The other officer all but ran to the panel of lights that presented an almost schematic representation of the alarm system—and the ship—an electronic picture of all twelve decks.
The twinking red light was on E deck, deep in the bowels of the engine compartments.
For a moment Kees could not move. The ringing bell seemed accusatory, informing everyone on the ship that something was horribly wrong and his inescapable fault.
He shook his head violently, clearing his mind. This alarm was ringing only on the bridge. If a general alarm was to be sounded throughout the ship, it would be up to him to activate it. He snatched up the intercom receiver and rang the engine room.
Brinker, the chief engineer, was not present. A subordinate, Berthold Ohms, answered sleepily.
“Where is the fire?” Kees asked.
“What? What is that you say?”
“This is Kees, on the bridge. There’s an alarm! The panel shows E deck. One of the circulating pumps, I think.”
“All is normal here, Kees. You may have a short circuit or something in the alarm panel.”
“Check the pumps, all the circuitry.”
“I can’t. I have strict orders to stay here and monitor the gauges constantly. I’ll send someone. But I see no sign of fire. There is no fire. No smoke. All is well.”

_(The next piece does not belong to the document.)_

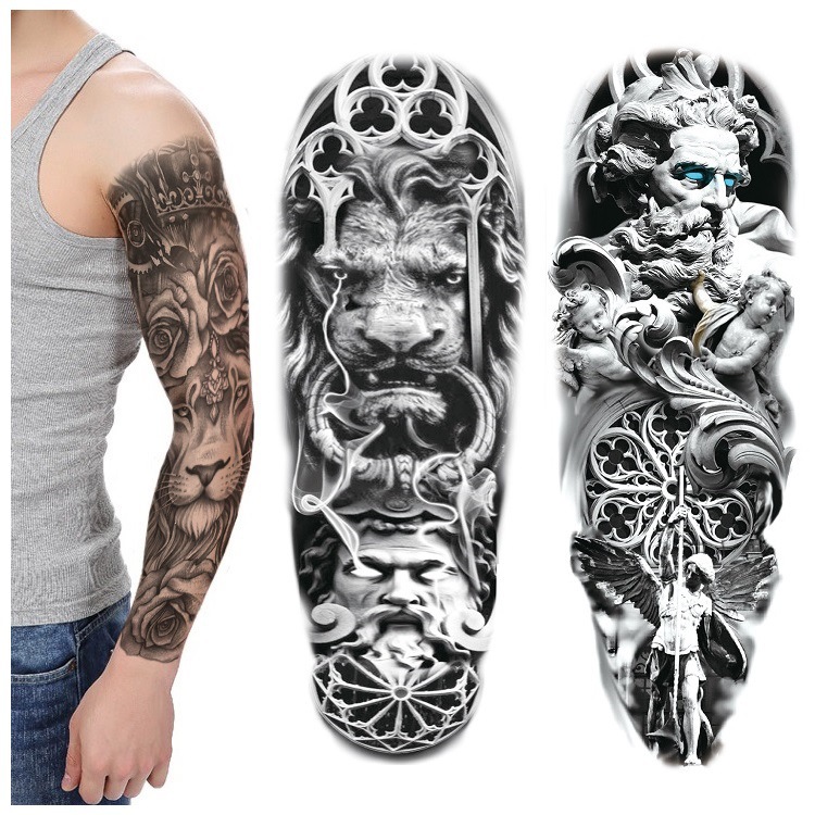 全体の腕の大きい花の腕の大きい図案の全体の腕の越境の水はライオンの欧米の天使の現物のスーツの刺青を転写します。

“I’ll check the pumps myself. Get a crew ready with fire extinguishers.”
“As you say, Kees.” He paused. They were friends for some time. “Sir.”
Kees ordered a reduction in speed to half ahead and instructed Karl Poeder to maintain course exactly. Then he tore through the curtain at the door and hurried down the passageway, abruptly stopping with a slight skid.
He was by the door to the captain’s cabin. It was imperative—a company rule and a requirement of the emergency—that van der Heyden be wakened and told of everything. Yet Kees hesitated. Finally, with a grimace, he turned and slowly opened the cabin door.
He could see little in the darkness, but could hear the captain snoring, and smell the faint, smoky aroma of Bols gin.
Kees pulled the door closed and hurried down the stairs. He dared not call the first officer. That would mean the end of the captain. Kees would have to deal with this all alone.
Edwina had drunk so much that the alcohol worked on her nerves through the night, causing her to wake after only a few hours’ sleep, her brain pulsing from the accumulated chemical. She was in her bed in the smaller bedroom of the Mountbattens’ suite and had forgotten she was aboard ship. For an instant its rolling movement terrified her. She sat up, sweating with fear, then remembered and calmed herself. In habit, she smoothed her hair.
She rose from the bedclothes, naked as she always was in slumber, the tingling feel of the cool air against her bare skin arousing, as always. She was alone. It was a rare night that this was so.
Edwina went into their sitting room, which had one dim lamp left on above the bar. She turned it off and tottered barefoot to one of its two portholes, looking out into the gloom. There was nothing to see but a few white flecks of whitecap, but it gave her a better sense of the ship’s passage. A royal passage, the vessel ennobled by the presence of the heir to the throne of the very greatest and grandest nation that there ever was. With Edward as passenger, no matter where it went, this ship had high purpose.
Edwina giggled at herself for the absurdly overblown thought. She ran her hands down her sides and over her buttocks. The coolness had vanished and she was feeling warm. Taking a deep breath, she felt woozy, though still incapable of sleep. She didn’t want another drink, but she needed something to do. An odd sentimentality had come over her.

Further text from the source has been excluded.